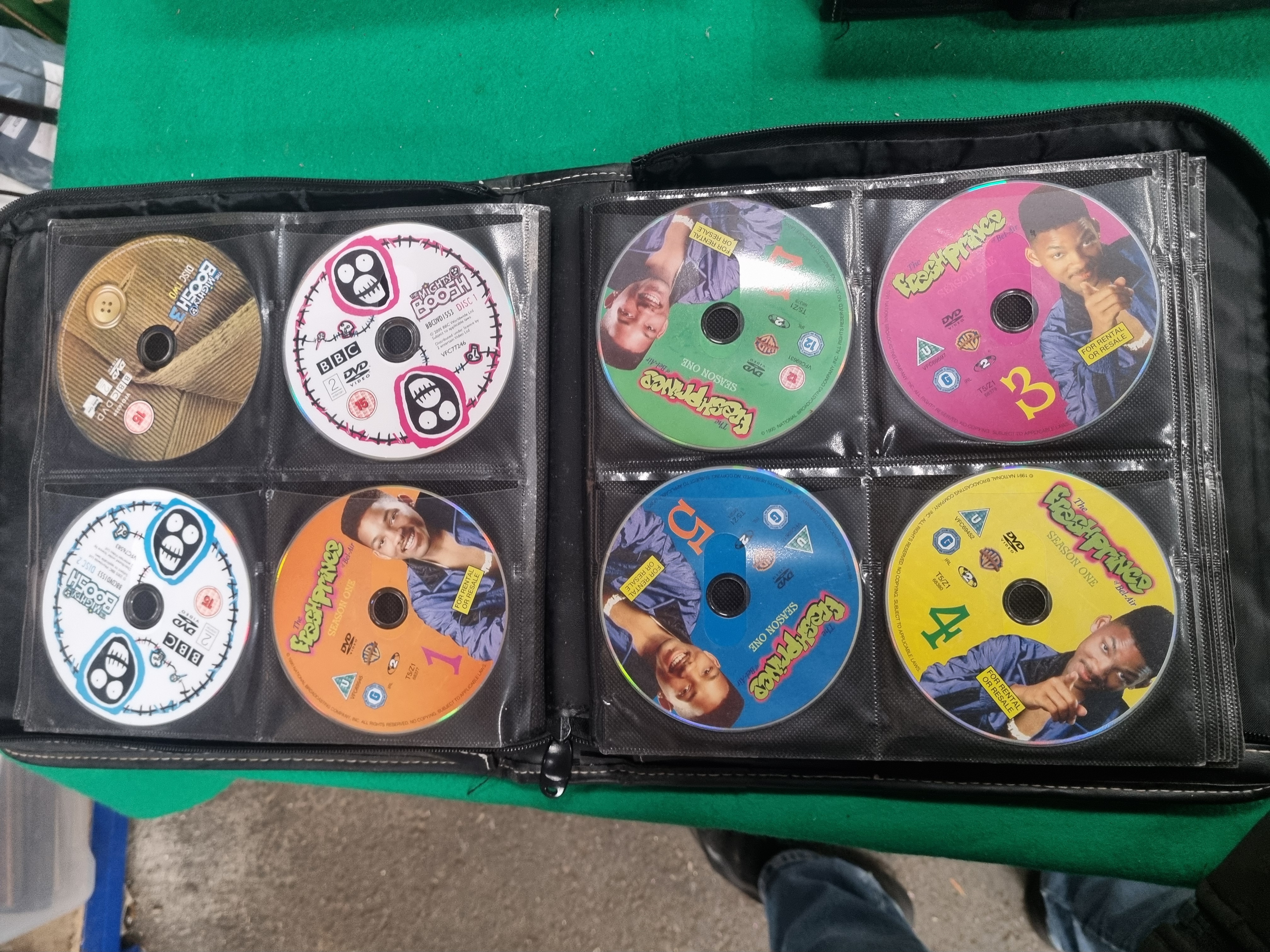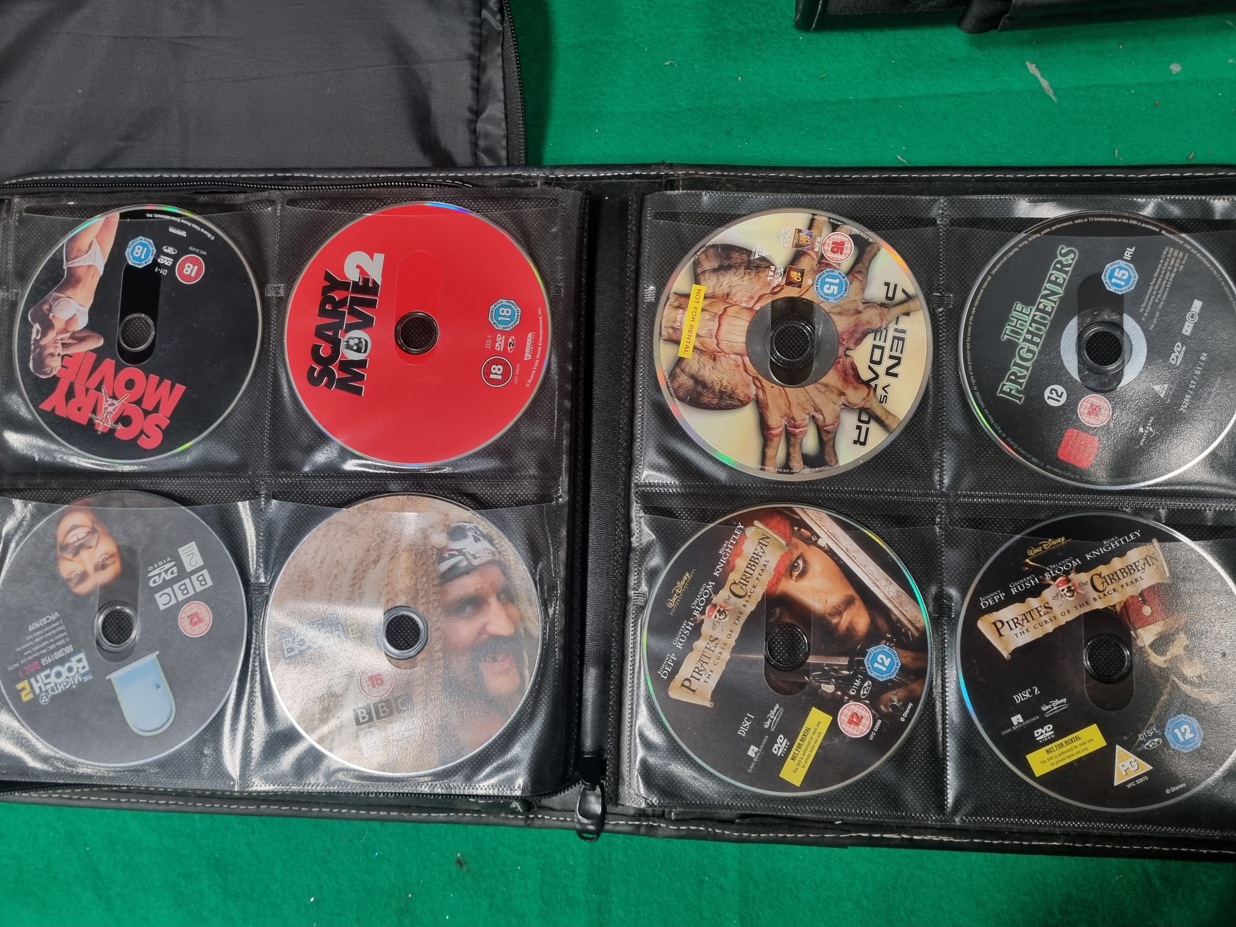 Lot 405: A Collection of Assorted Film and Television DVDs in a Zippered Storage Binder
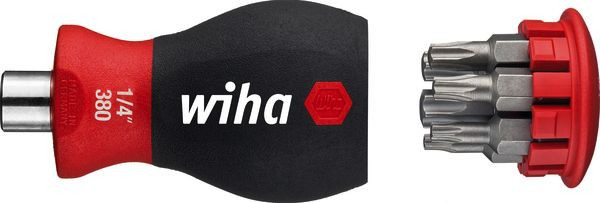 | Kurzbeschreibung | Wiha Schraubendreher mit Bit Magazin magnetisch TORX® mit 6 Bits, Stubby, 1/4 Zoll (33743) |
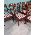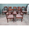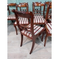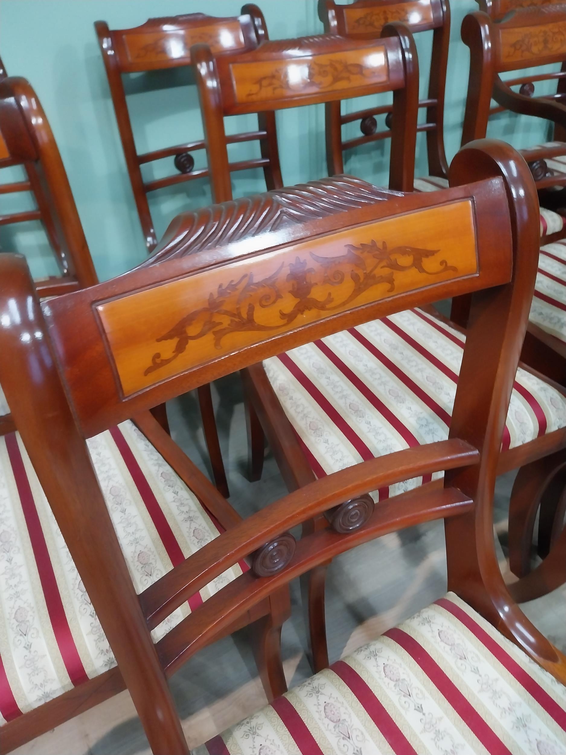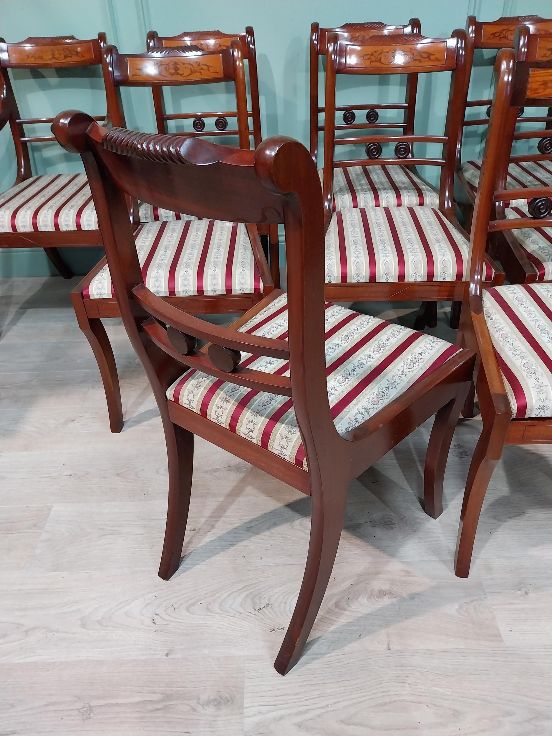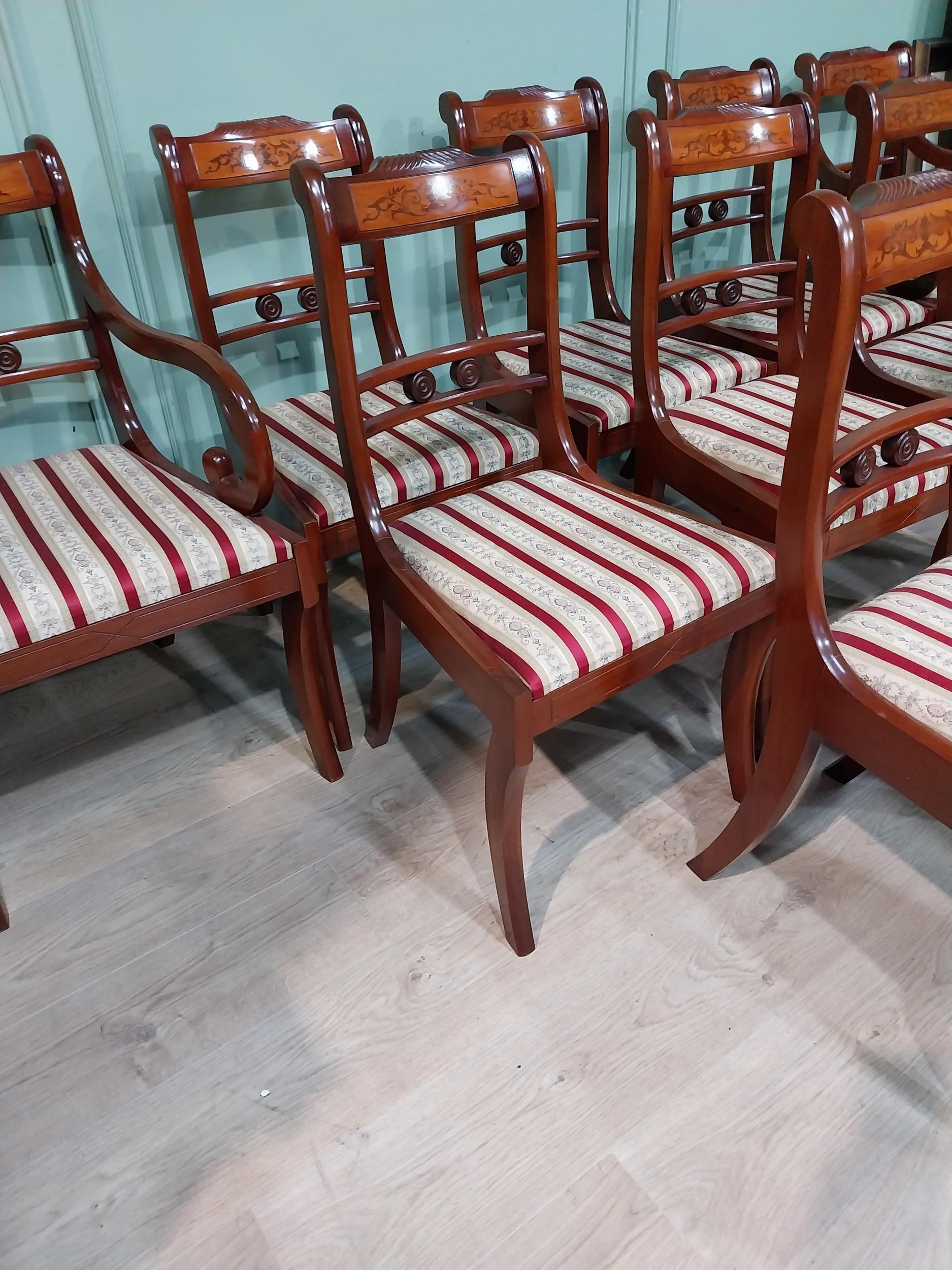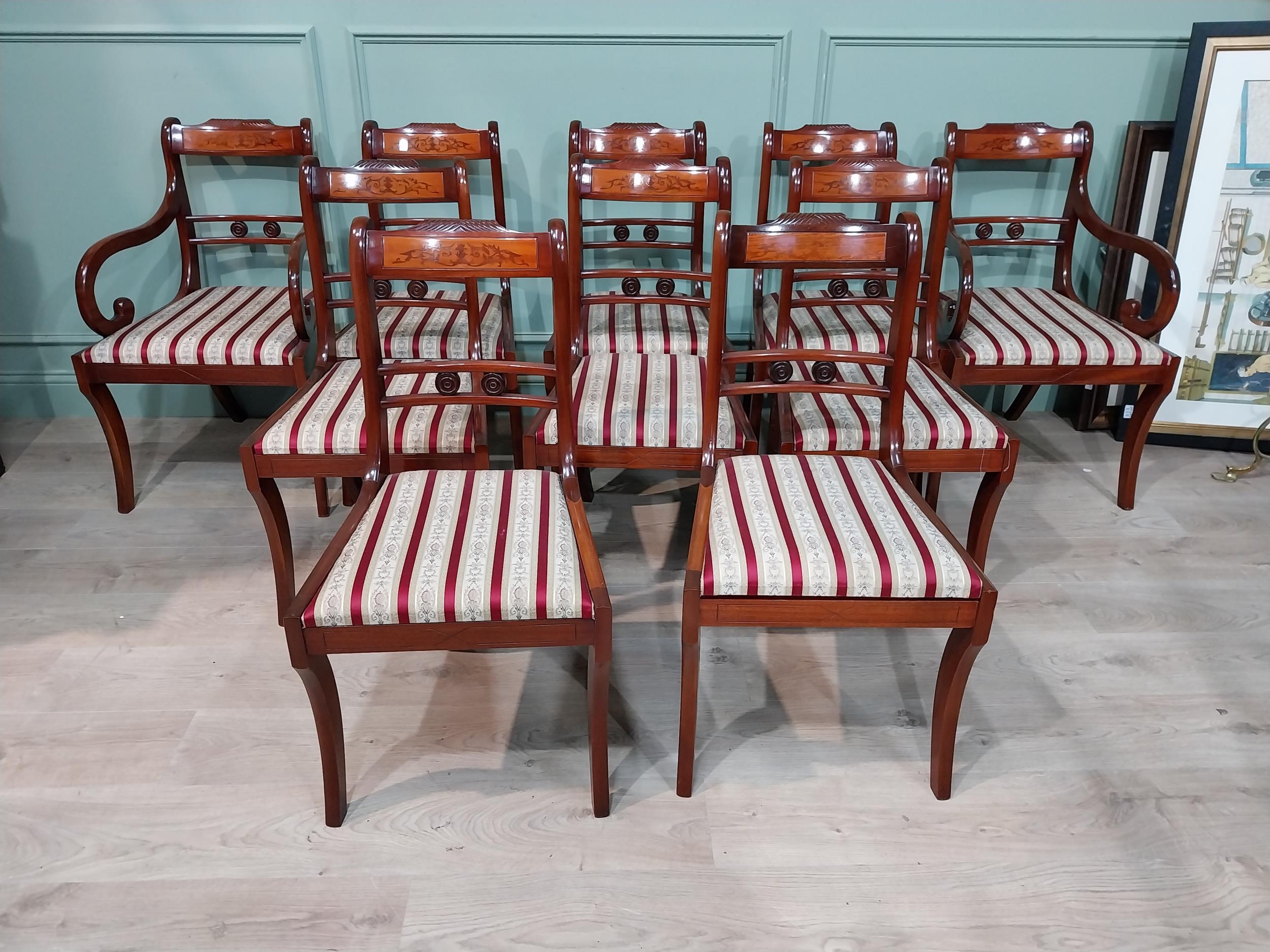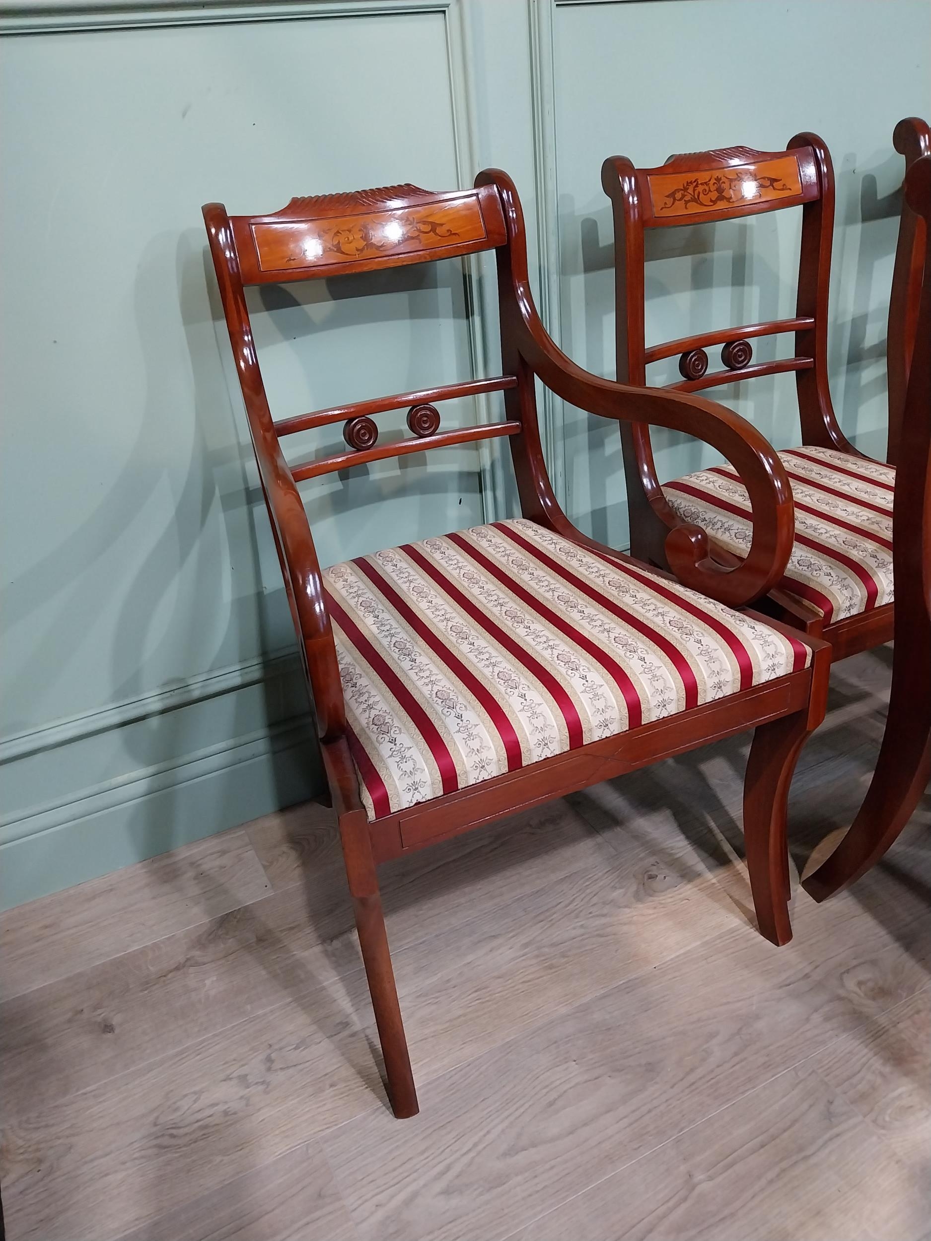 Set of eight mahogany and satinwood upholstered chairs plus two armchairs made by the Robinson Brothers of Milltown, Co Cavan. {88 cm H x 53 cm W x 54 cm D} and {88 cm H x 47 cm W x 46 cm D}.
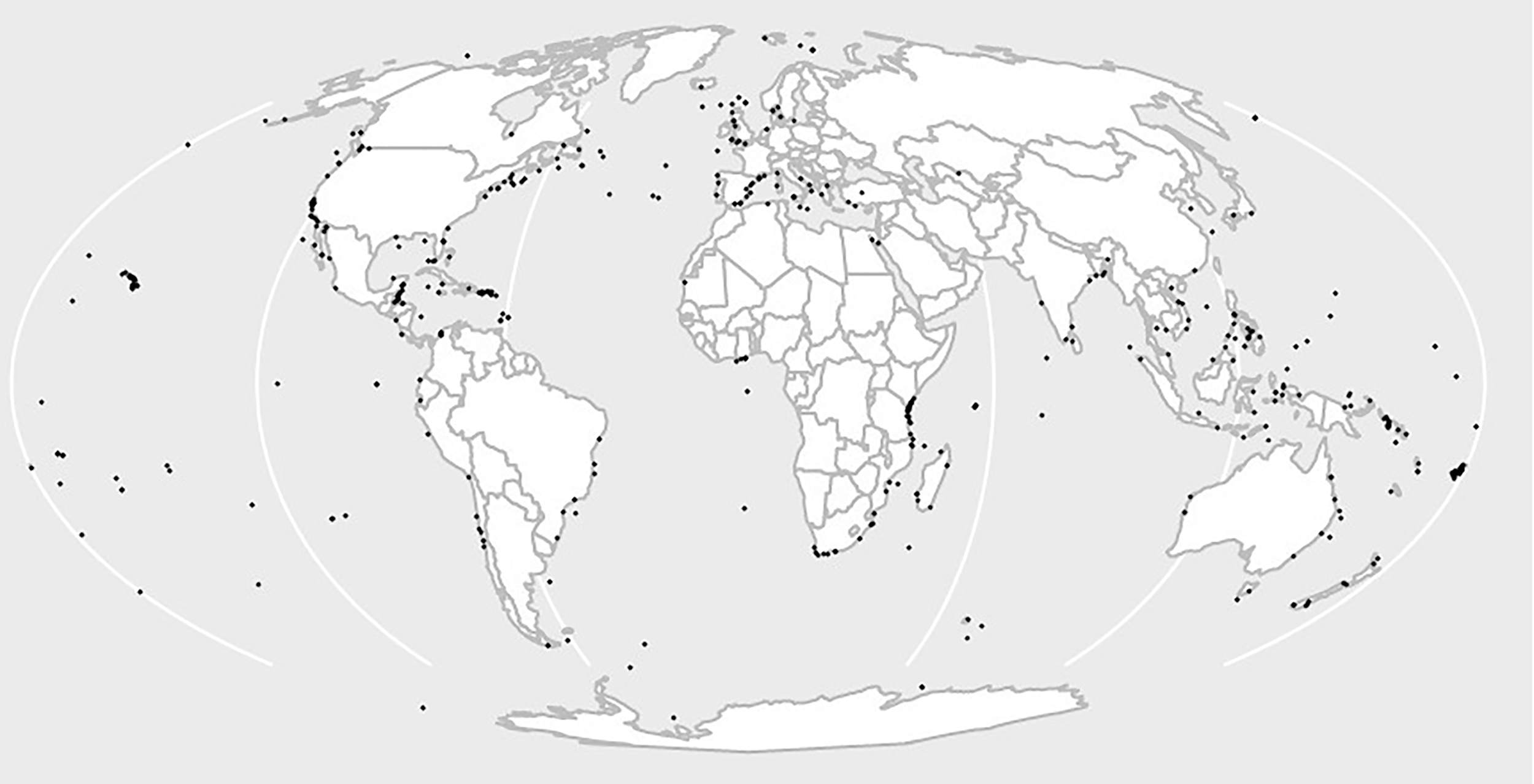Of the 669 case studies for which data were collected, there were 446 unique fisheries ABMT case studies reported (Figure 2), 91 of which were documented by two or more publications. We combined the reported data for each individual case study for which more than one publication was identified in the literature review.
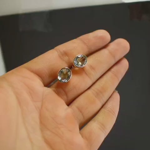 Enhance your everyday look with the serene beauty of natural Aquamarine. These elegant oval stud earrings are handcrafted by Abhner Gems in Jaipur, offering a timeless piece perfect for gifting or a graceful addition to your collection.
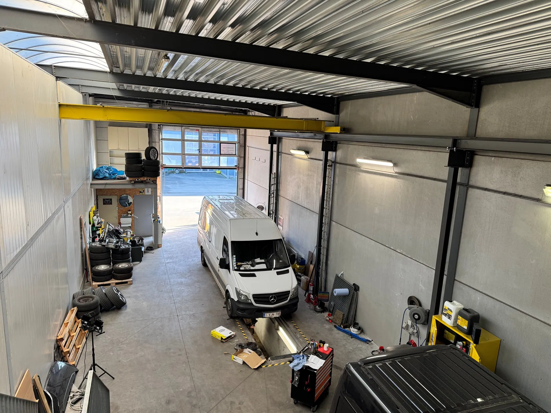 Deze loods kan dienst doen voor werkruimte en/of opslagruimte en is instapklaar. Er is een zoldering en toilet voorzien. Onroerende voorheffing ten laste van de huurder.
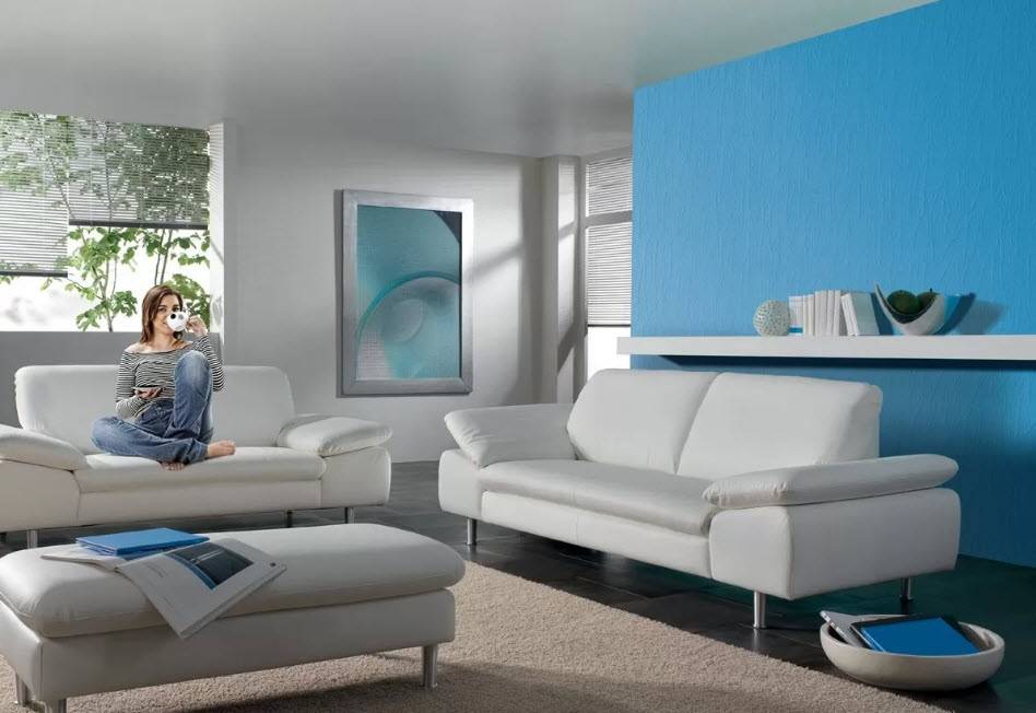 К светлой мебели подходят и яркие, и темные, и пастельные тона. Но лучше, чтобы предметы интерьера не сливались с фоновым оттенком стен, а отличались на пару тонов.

**EXERCISE BRIEF:** What is needed is an exact copy of the lines from the start of the records through the line containing "Zoll (33743) |", with no pictures.

**FINAL ANSWER:**
 Lot 405: A Collection of Assorted Film and Television DVDs in a Zippered Storage Binder
 | Kurzbeschreibung | Wiha Schraubendreher mit Bit Magazin magnetisch TORX® mit 6 Bits, Stubby, 1/4 Zoll (33743) |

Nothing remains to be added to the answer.